Why Trickle Up Teaches Organic Farming

By Manash Ranjan Das

State Programme Officer – Odisha


Food is critical for families’ health, energy, and overall well-being, but the introduction of chemical pesticides and fertilizers is a complicated innovation for rural communities living in poverty. On the one hand, pesticides have been linked to wide range of health hazards like cancer and reproductive issues.1 On the other hand, farmers use pesticides and fertilizers to increase their crop yield so they can make more food, and more money, to care for their families.


Many farmers do not know how to properly use pesticides, so the chemicals enter into the food chain, deteriorate water quality, and affect local ecosystems. Due to the repeated use of pesticides, resistance develops and either a pest resurgence occurs or a much higher dose of chemicals is needed to control the same pest population. Constant use of fertilizers can also deteriorate soil health, decreasing productivity over time.


In the past, chemical pesticides and fertilizers have only been available to large farmers because of the high cost. Even today, rural smallholder farmers are not used to working with pesticides, only using them when a pest attack occurs after the recommendation of local shopkeepers.

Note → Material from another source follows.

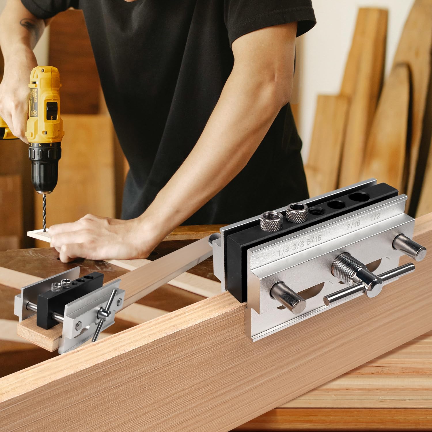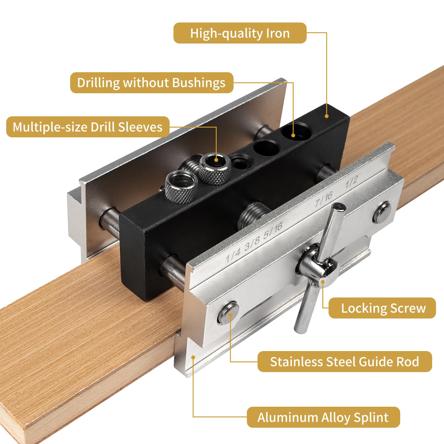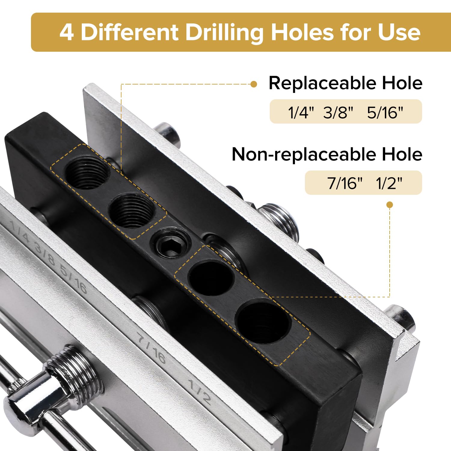 - 5 DRILL SIZES: This drill jig comes with 5 drill sizes - 1/4", 3/8", 5/16", 7/16", and 1/2", allowing you to easily work with different size mortise and tenon joints. The top of the dowel jig features 4 drill guide holes, with 2 holes accepting 7/16" and 1/2" drill bits directly, while the other 2 holes accept threaded replaceable steel bushings

In Trickle Up’s work with people living in extreme poverty in Odisha, India in partnership with Odisha Livelihoods Mission (OLM), most of our participant households engage in subsistence farming. Many do not own land and instead cultivate on leased land. Our project promotes organic agricultural techniques using locally available materials, like cow dung, cow urine, and leaves, to prepare organic pesticides and fertilizers. These fertilizers and pesticides have no harmful effects on plants, and organic fertilizers even increase the number of microorganisms in the soil, improving fertility and productivity.


Organic farming is a new concept for both our field staff and project participants, so everyone participates in training and practical demonstrations in local communities where farmers can experience the process firsthand. In addition, through Trickle Up’s M-Powered project, some participants have received a smartphone with a custom app that helps guide organic vegetable cultivation. Participants in this project refer to the app to ensure they are sowing, weeding, watering, fertilizing, and controlling pests in a timely manner. With training, coaching, and technology, 665 Trickle Up participants in India have adopted organic agricultural practices so far.


These participants are already seeing the benefits of organic farming. The vegetables produced organically have a longer shelf life, taste and smell better, and are less expensive to cultivate. Most importantly, organic agriculture protects families against the harmful effects of chemical pesticides and safeguards the soil and water.